(Records excerpted from a collection)
..............................

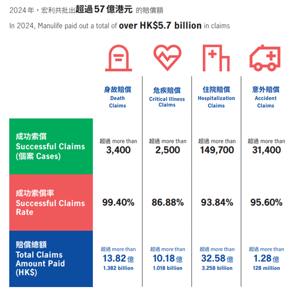 随着2024年当中的不断变化,宏利在港澳两地的赔付金高达57亿港元,较去年上升8.95%,平均成功索偿率(赔付率)高达94.12%,维持较高水平!
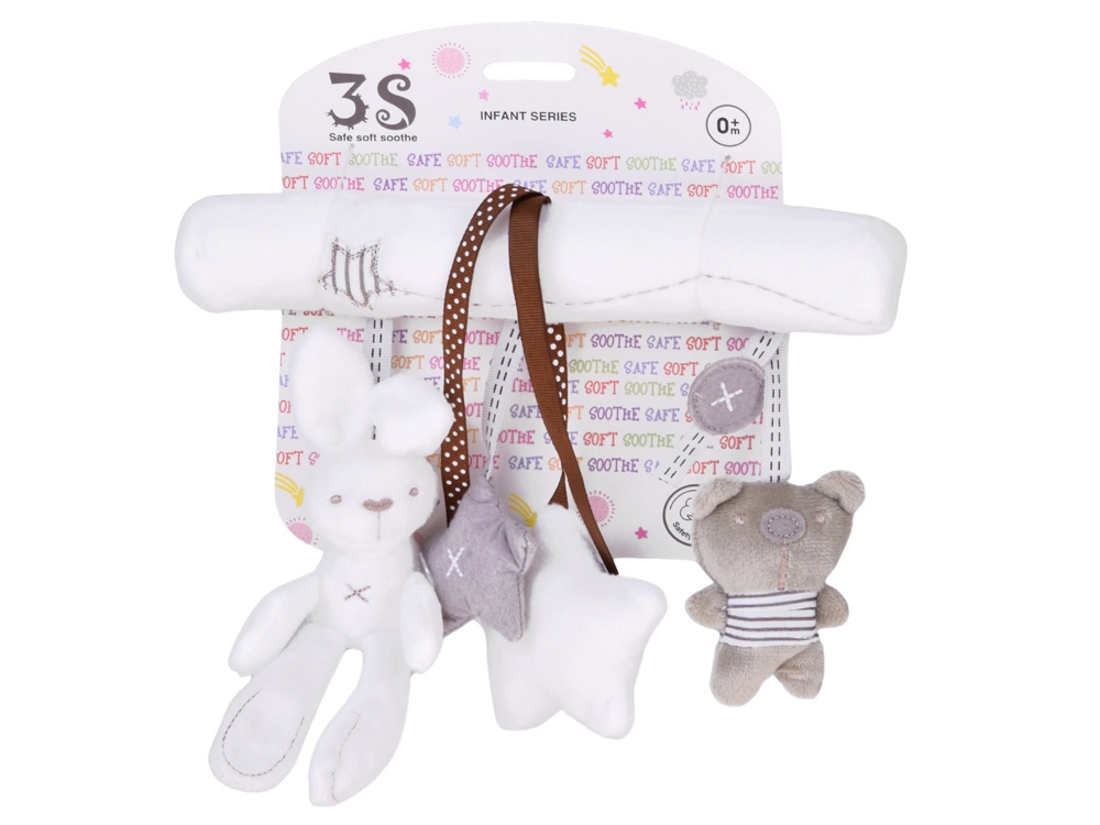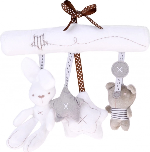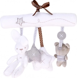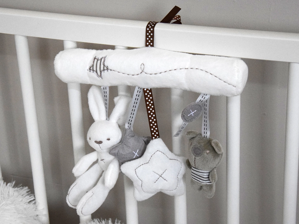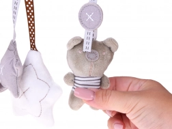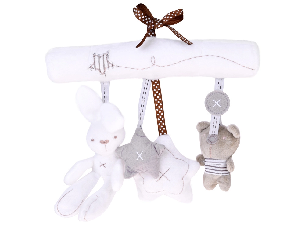 Urocza zawieszka w neutralnych kolorach ucieszy maluszka w domu i w podróży. Łatwo przymocujesz ją do łóżeczka lub wózka za pomocą wstążek. Oferuje miękki, puszysty plusz, delikatną stymulację zmysłów oraz zabawne dźwięki: po naciśnięciu brzuszka króliczka rozbrzmiewa krótka melodia, biała gwiazdka ma piszczałkę, a miś działa jako grzechotka.
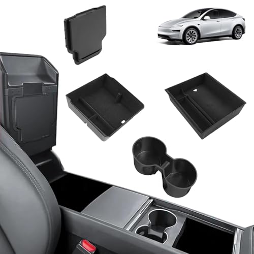[4 stycken] GAFAT Ny Tesla Model Y Juniper 2025 2026 mittkonsol förvaringsbox-set, 2 arrangörer för armstöd av flockning, 1 mugghållare och 1 dold låda, för 2026 Tesla Model Y tillbehör 2025
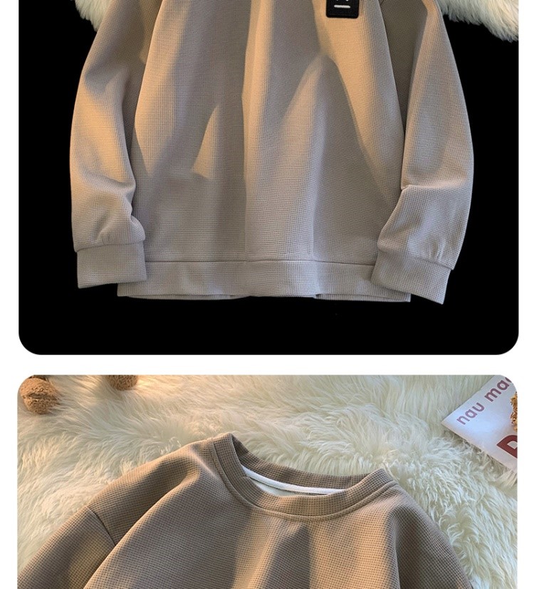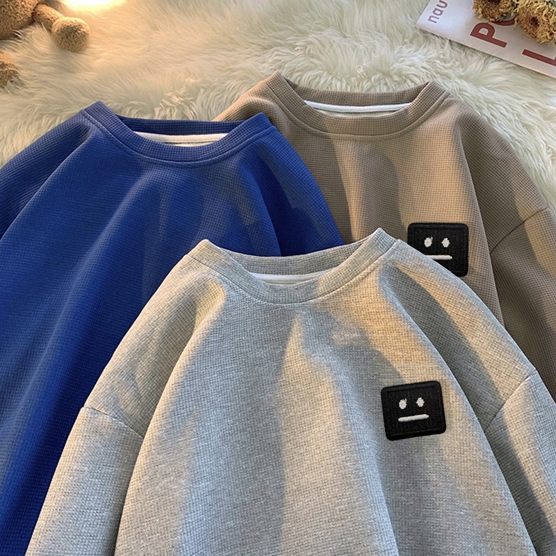 oversize華夫格衛衣男內搭打底衫長袖T恤春秋上衣服重磅薄款夏季
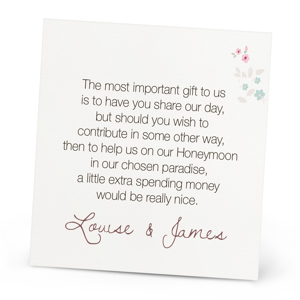 The Hattie Honeymoon Wish Card is a lovely extra to go with your invitations if you’re thinking of asking your guests for money as a contribution to your honeymoon. You can personalise it with your names and choose your colour to fit your theme. The Honeymoon Wish card can also be customised, just let us know if you’d like a different poem written on! Every Honeymoon Wish Card is double sided and printed onto 300gsm card.
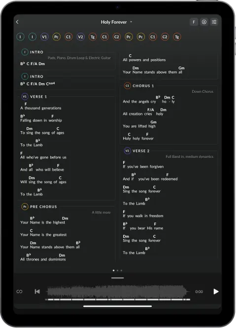 예배 팀을 위한 역동적이고 사용자 지정 가능한 코드 차트 앱을 다운로드하세요. iOS 또는 Android에서 사용 가능합니다.
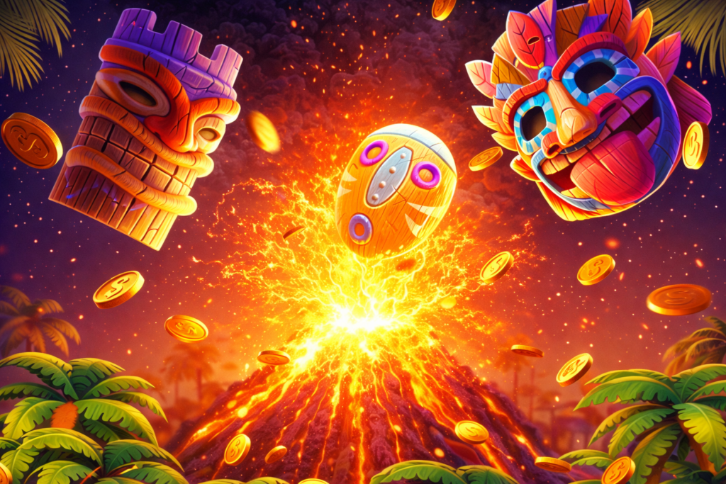 A emoção atinge o pico quando o vulcão entra em erupção! O bônus de Giros Grátis é a chave para o ganho máximo.

..............................

EXERCISE DETAILS –
Please write out, exactly, every line from the line with "The Hattie Honeymoon" through the final line of the data above, leaving out pictures.

ANSWER FOR THIS EXERCISE –
 The Hattie Honeymoon Wish Card is a lovely extra to go with your invitations if you’re thinking of asking your guests for money as a contribution to your honeymoon. You can personalise it with your names and choose your colour to fit your theme. The Honeymoon Wish card can also be customised, just let us know if you’d like a different poem written on! Every Honeymoon Wish Card is double sided and printed onto 300gsm card.
 예배 팀을 위한 역동적이고 사용자 지정 가능한 코드 차트 앱을 다운로드하세요. iOS 또는 Android에서 사용 가능합니다.
 A emoção atinge o pico quando o vulcão entra em erupção! O bônus de Giros Grátis é a chave para o ganho máximo.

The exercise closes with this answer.